When private lenders decide to expand their business into new states or regions, there are some best practices they should consider. Private Lender Link’s CEO, Rocky Butani visited Geraci Law Firm’s office in July 2023 to interview Dennis Baranowski, Esq. on these best practices and what private lenders need to know before making the leap. Watch the video or read the transcript below.
ROCKY BUTANI:
Typically, if you have a lender that says, “Okay, I wanna expand,” let’s say they pick a state like Texas because everyone assumes that Texas is the easiest state to do business in, to foreclose in, the lender will figure out kind of what the landscape is, what the rules are, limitations if any, start with that state, get to know it, do a bunch of loans there and then maybe move on to the next state. Is that kind of how most lenders do it?
DENNIS BARANOWSKI:
I think that’s really the best practice. Depending on the size of the lender and their operation, maybe they can support two or three, but I really wouldn’t recommend going into anything more than about four. I think it gets pretty unwieldy because you’re still trying to train your team. You’re trying to train your people or hire people within the state that understand what needs to be done and underwriting your loans and processing your loans in that given state and then internally going, “Okay, what do I need to do to comply?” I think it’s better to take reasonable bites, rather than trying to eat the elephant all in one bite, so to speak.
ROCKY BUTANI:
It sounds like when you expand into another state, there’s all this compliance stuff that you have to learn about. How does that factor in with due diligence as it relates to the loans that you want to fund there?
DENNIS BARANOWSKI:
On the compliance side, in addition to making sure that your terms are going to be compliant, one of the things within compliance is also each state is going to have different laws related to entities, for instance, and whether or not an entity has to be a foreign entity. So let’s say you want to make a loan in Texas, and your borrower is formed in California.
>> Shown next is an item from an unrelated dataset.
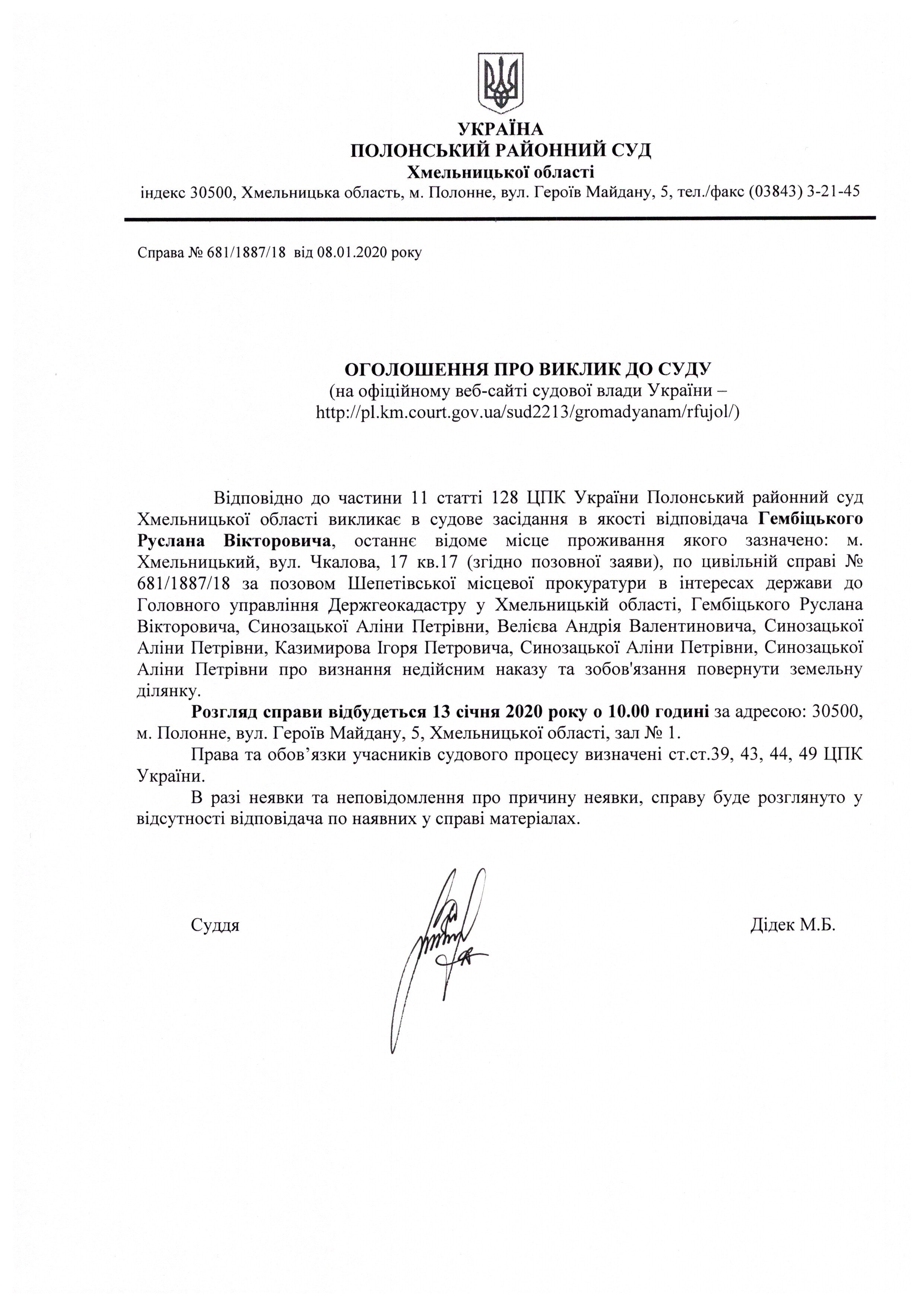 Оголошення про виклик до суду Гембіцького Руслана Вікторовича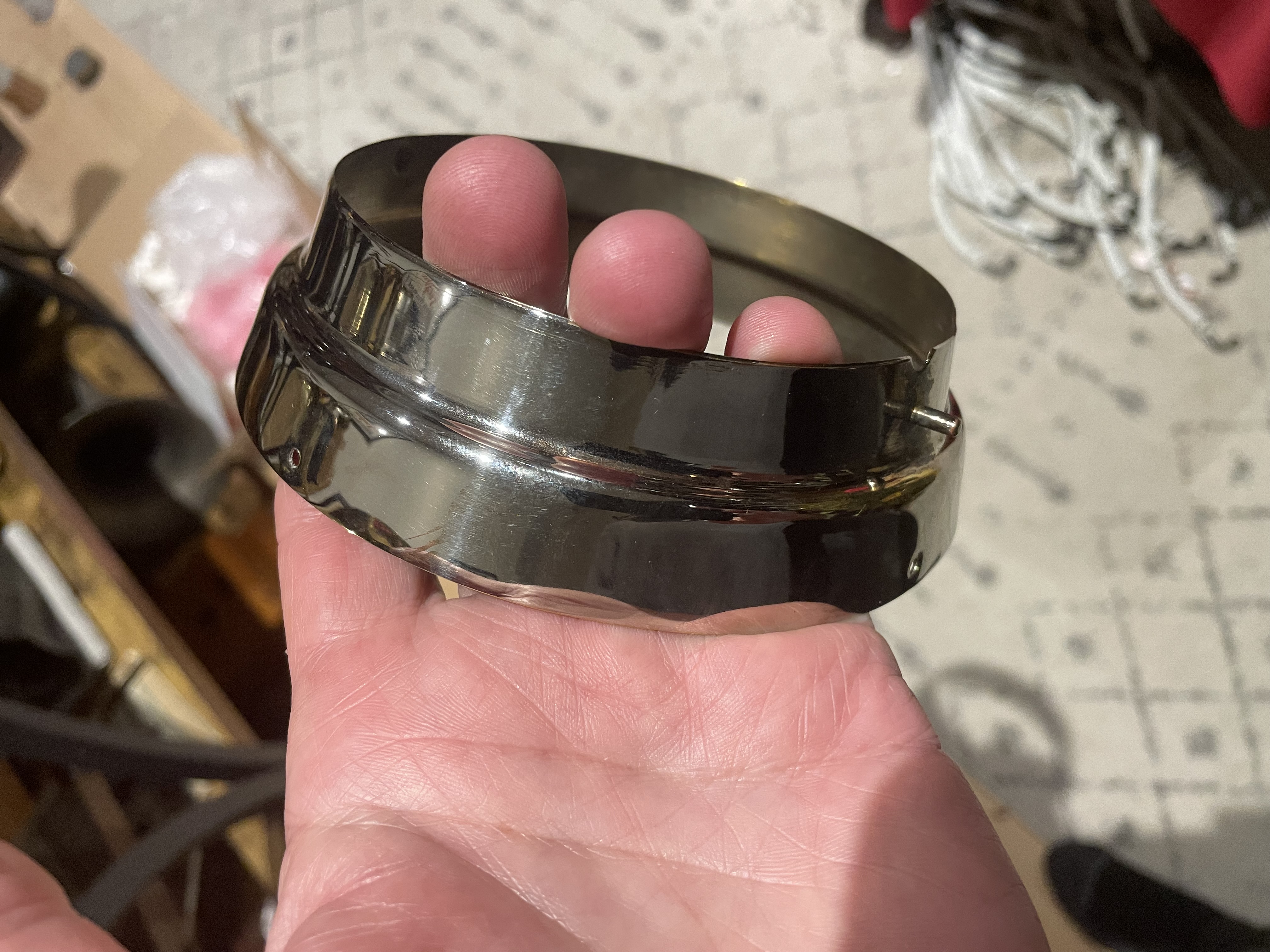 For Sale: Reproduction music master horn collar made by Eduardo in Peru. Nickel. Can include 4 good screws but will need the tips slightly ground to not penetrate the horn. $75 plus shipping.

Every state has some sort of foreign registry requirement for foreign entities, and so you need to figure out, “Well, can this borrower even own property in the state? Can I, as a lender, make a loan in that state? Typically, there’s some sort of exception that’s allowable for that. [For Example], they just own a property. They’re not operating a business, per se. It’s really just tied to the real property, and they’re just lending money that’s secured by the real property. So there isn’t an issue, but it can be an issue, and so that really ties into the due diligence side of it.
You really need to review the entity documents so you can understand where they’re formed. You need to understand what type of authority that LLC or corporation has. Are they even allowed to borrow, or are they limited to operating within one state? What is the scope of their authority, and then in addition to that, how do they make decisions because it may not be a matter of the person that contacts you that says, “Hey, Rocky, I need a loan here for my LLC.” Well, come to find out maybe he’s the manager. Maybe he’s a processor there. Maybe he’s nobody there and doesn’t even have any relationship to that entity. It’s really important to be able to review those documents and review, not just what they provide to you, but also doing the due diligence with the state filings to ensure that the people who are representing the company, that can make decisions on behalf of the LLC or corporation, have that authority and whatever steps need to be taken to grant them that authority also have occurred. So it’s really important, as a lender or even as a broker, when you’re getting that data and that information from a prospect that there’s a review performed to ensure that you’re not walking into a hornet’s nest.
I can’t tell you how many times we’ve come into situations where you have a free and clear property, and the lender makes the loan, and it’s free and clear. So it’s cash out refi, and somebody hijacked the entity. Even when we’re reviewing the documents, sometimes these people have gotten really good at creating a whole history of the LLC, and so you don’t end up knowing.
If you’re advancing funds directly to the borrower, where it’s not purchase money, it’s not meant for a specific purpose so you allocate it for construction or TI’s or something like that, [it’s important] that you know who your borrower is.